Introduction

The Office of the Australian Information Commissioner (OAIC) welcomes the opportunity to make a submission on the Reform of the electronic surveillance framework Discussion Paper (the Discussion Paper) released by the Department of Home Affairs on 6 December 2021.

In our view, these reforms present a timely opportunity to ensure Australia’s electronic surveillance laws provide a strong, robust framework where privacy protections for individuals are at the forefront.

The Discussion Paper highlights that the current framework is long, complicated and difficult for intelligence agencies, oversight bodies and industry to understand and comply with. This in turn puts at risk the effectiveness of protections for personal information.[1] The OAIC therefore supports the objective to create a single Act clarifying the application and use of electronic surveillance powers in Australia.
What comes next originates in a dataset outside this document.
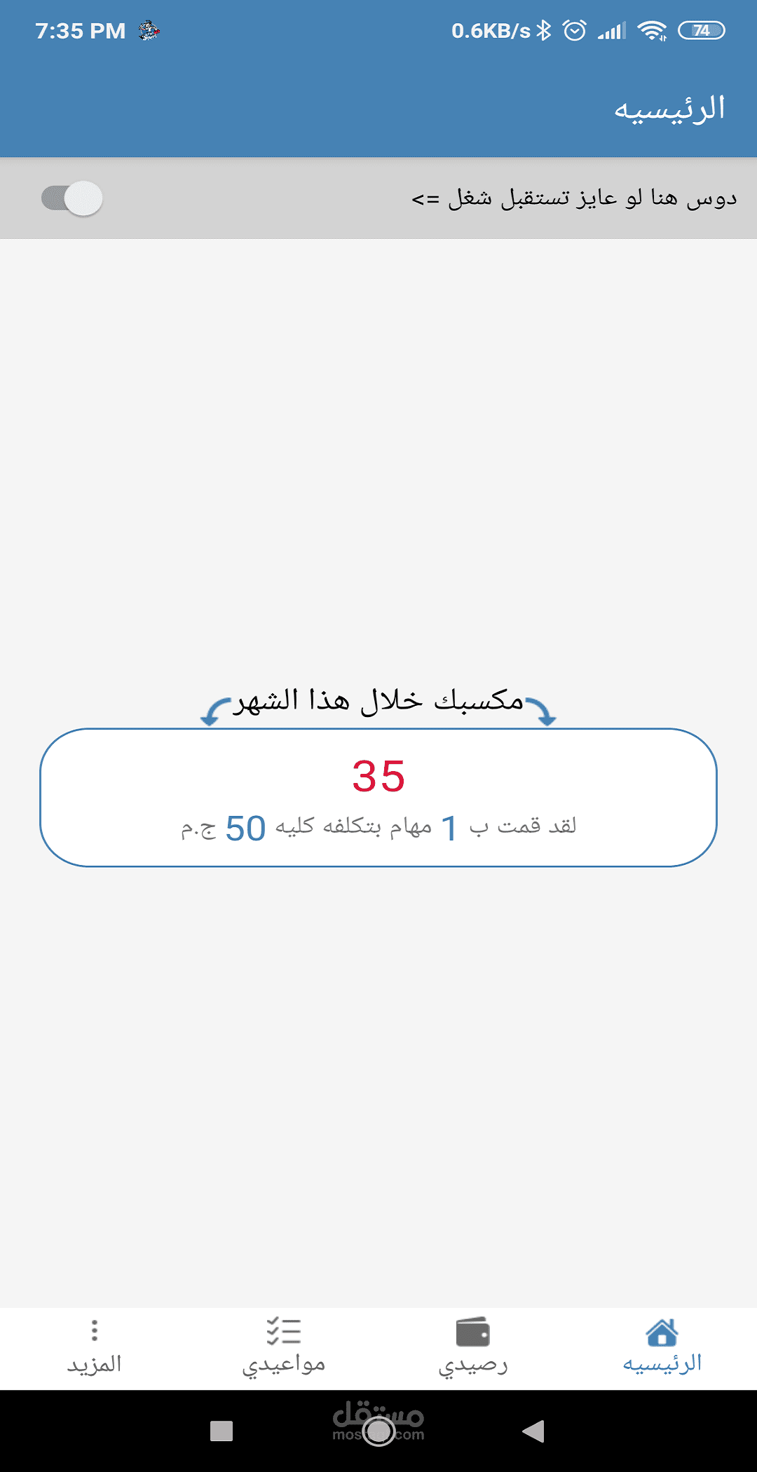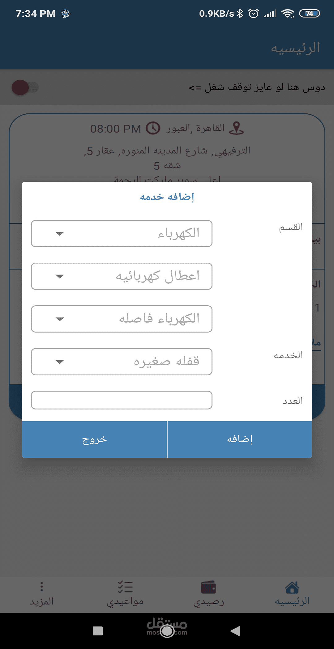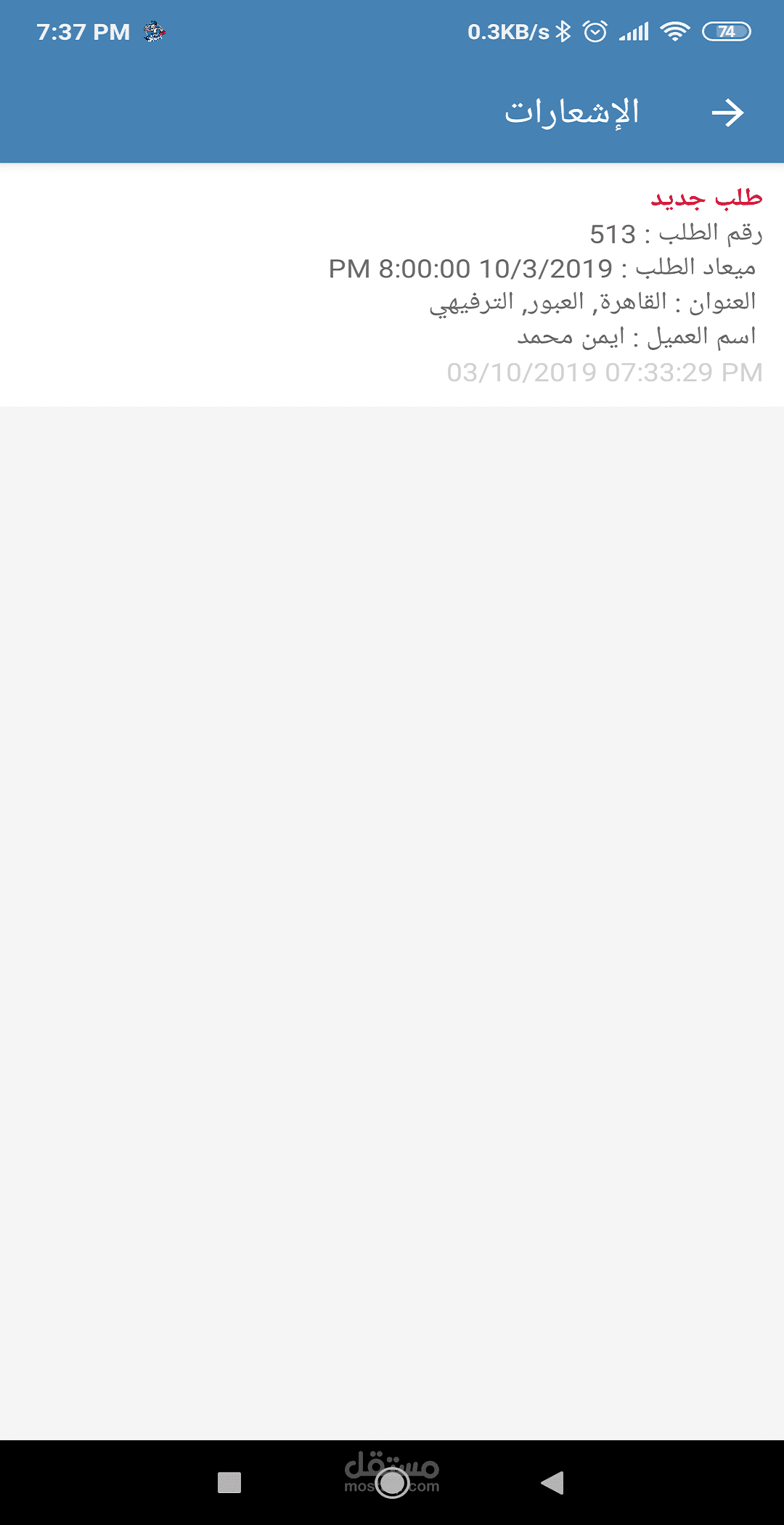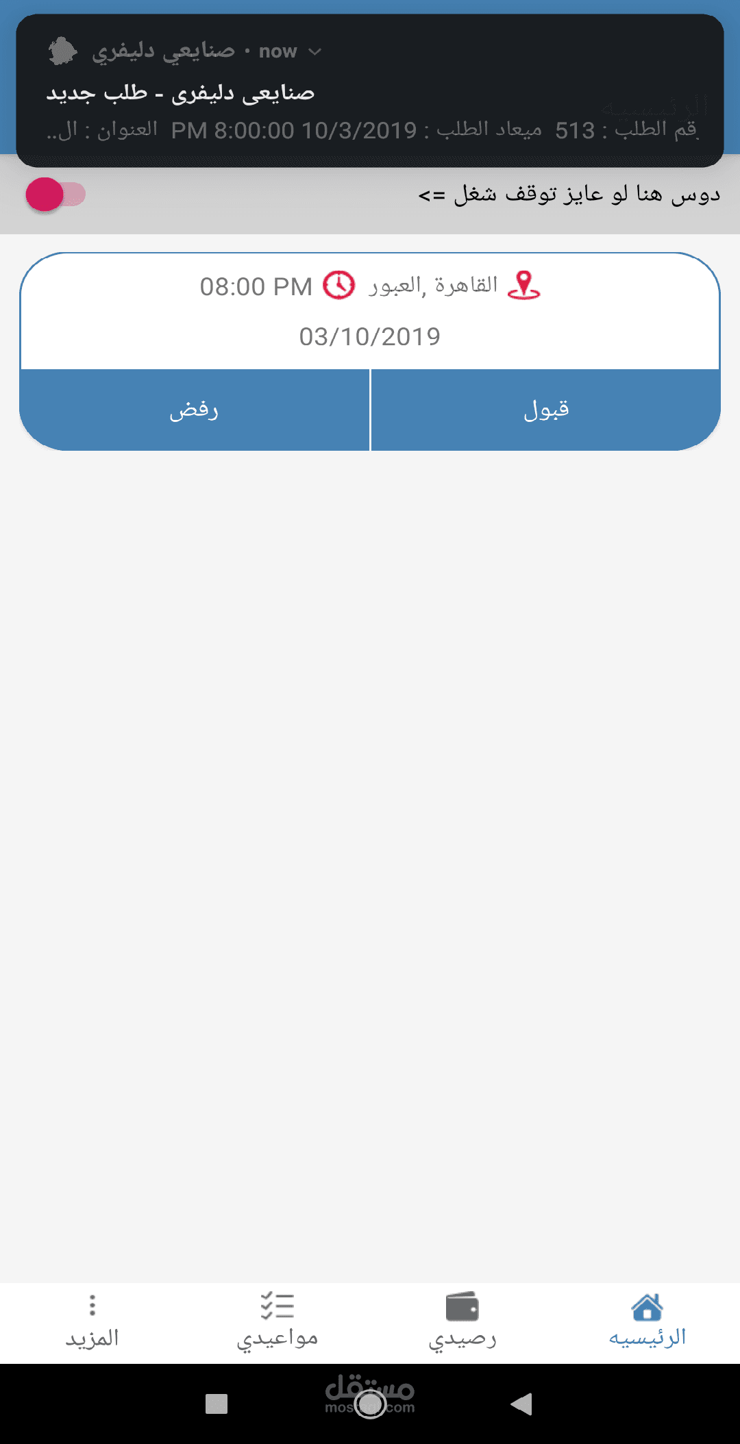 8- تطبيق للموبايل مع الفنى لتلقى الطلبات ومتابعة حسابة.

Electronic surveillance powers are highly intrusive and have a significant impact on an individual’s privacy. This is particularly apparent in today’s society as technology means that an increasing amount of information and data is accessible and available. This has created a complex digital and communications landscape. Changes to the current framework that result in new areas of surveillance expand the potential to intrude on an individual’s privacy. As such, these powers must be subject to strict controls and be precise enough to provide the Australian community with transparency about how these powers are expected to be exercised.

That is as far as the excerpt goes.